---- MATERIAL SHOWN

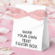 Custom printed personalised TENT FAVOR BOXES WITH PINK RIBBON Blank Template. Design, create, make your own. Your photo, image, text, logo, graphics in full colour print on the entire outside of the high quality card stock favour box - boxes shipped flat. Five box styles. Best for wedding favours, a birthday, corporate event, Christmas party and more.
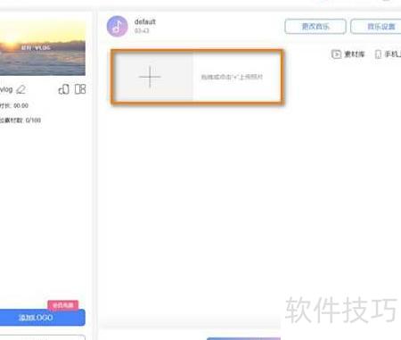 4、 点击+上传旅行照片,右侧可添加背景音乐,调节音量并裁剪片段。
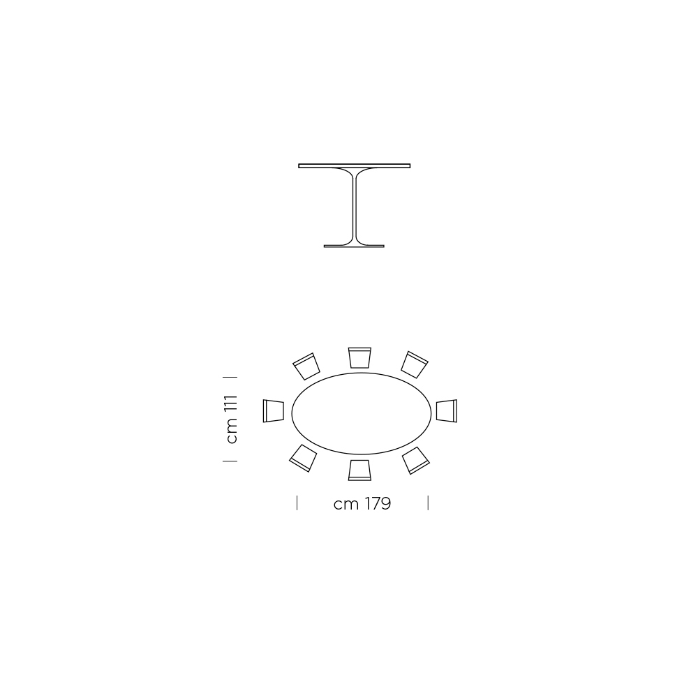 - L 179 x P 111 x H 74,5 cm (8 posti);
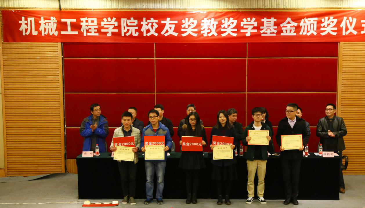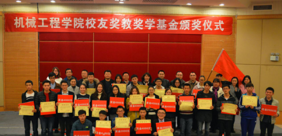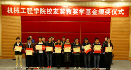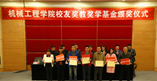 颁奖仪式上93届机制专业毕业校友、广东校友分会副会长杨焕宇宣读奖教基金获奖名单;学生处处长罗勇、教务处副处长胥江河分别宣读了学生状元奖、优秀学生干部获奖名单并为学生颁奖。今年是开云kaiyun官方网站首次进行奖教教学金评选,对获得奖教金的7位老师给予每人8000元的奖励,对获得各班级学习状元奖的29位同学给予每人4000元的奖励,对获得优秀学生干部奖的6位同学给予每人2000元的奖励。
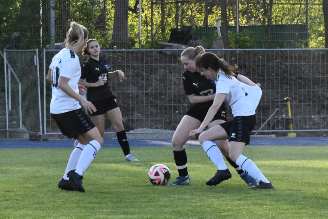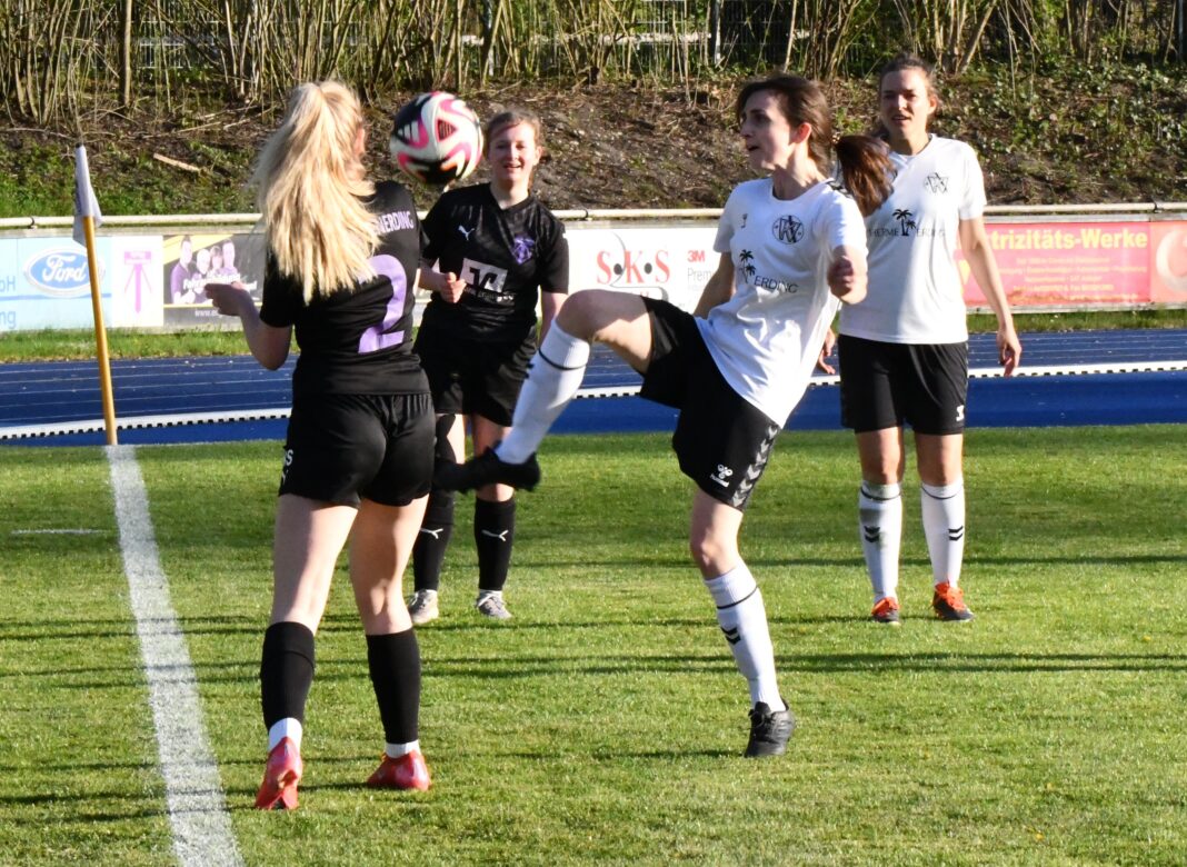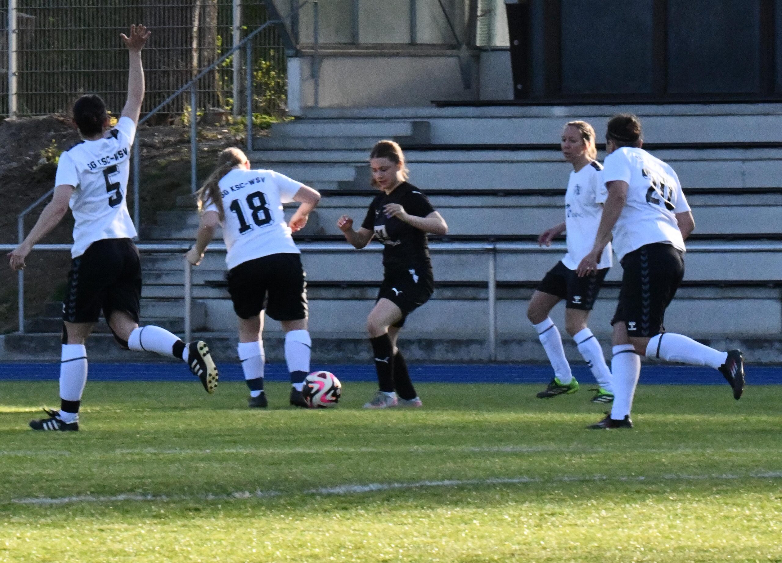 Von Beginn an übernahm die SG das Kommando und versuchte, das Spiel an sich zu reißen. Die Gastgeberinnen standen jedoch kompakt, störten frühzeitig und ließen zunächst kaum klare Abschlüsse zu. Nur einmal wurde es in der Anfangsphase richtig gefährlich: Nach einem Pass ins Zentrum kam eine Gästespielerin freistehend zum Abschluss, doch Marie Grote war hellwach und klärte in höchster Not.

--------

ACTIVITY:
Copy the records above exactly. Do not carry any picture into the copy.

OUTPUT OF THE TASK:
 Custom printed personalised TENT FAVOR BOXES WITH PINK RIBBON Blank Template. Design, create, make your own. Your photo, image, text, logo, graphics in full colour print on the entire outside of the high quality card stock favour box - boxes shipped flat. Five box styles. Best for wedding favours, a birthday, corporate event, Christmas party and more.
 4、 点击+上传旅行照片,右侧可添加背景音乐,调节音量并裁剪片段。
 - L 179 x P 111 x H 74,5 cm (8 posti);
 颁奖仪式上93届机制专业毕业校友、广东校友分会副会长杨焕宇宣读奖教基金获奖名单;学生处处长罗勇、教务处副处长胥江河分别宣读了学生状元奖、优秀学生干部获奖名单并为学生颁奖。今年是开云kaiyun官方网站首次进行奖教教学金评选,对获得奖教金的7位老师给予每人8000元的奖励,对获得各班级学习状元奖的29位同学给予每人4000元的奖励,对获得优秀学生干部奖的6位同学给予每人2000元的奖励。
 Von Beginn an übernahm die SG das Kommando und versuchte, das Spiel an sich zu reißen. Die Gastgeberinnen standen jedoch kompakt, störten frühzeitig und ließen zunächst kaum klare Abschlüsse zu. Nur einmal wurde es in der Anfangsphase richtig gefährlich: Nach einem Pass ins Zentrum kam eine Gästespielerin freistehend zum Abschluss, doch Marie Grote war hellwach und klärte in höchster Not.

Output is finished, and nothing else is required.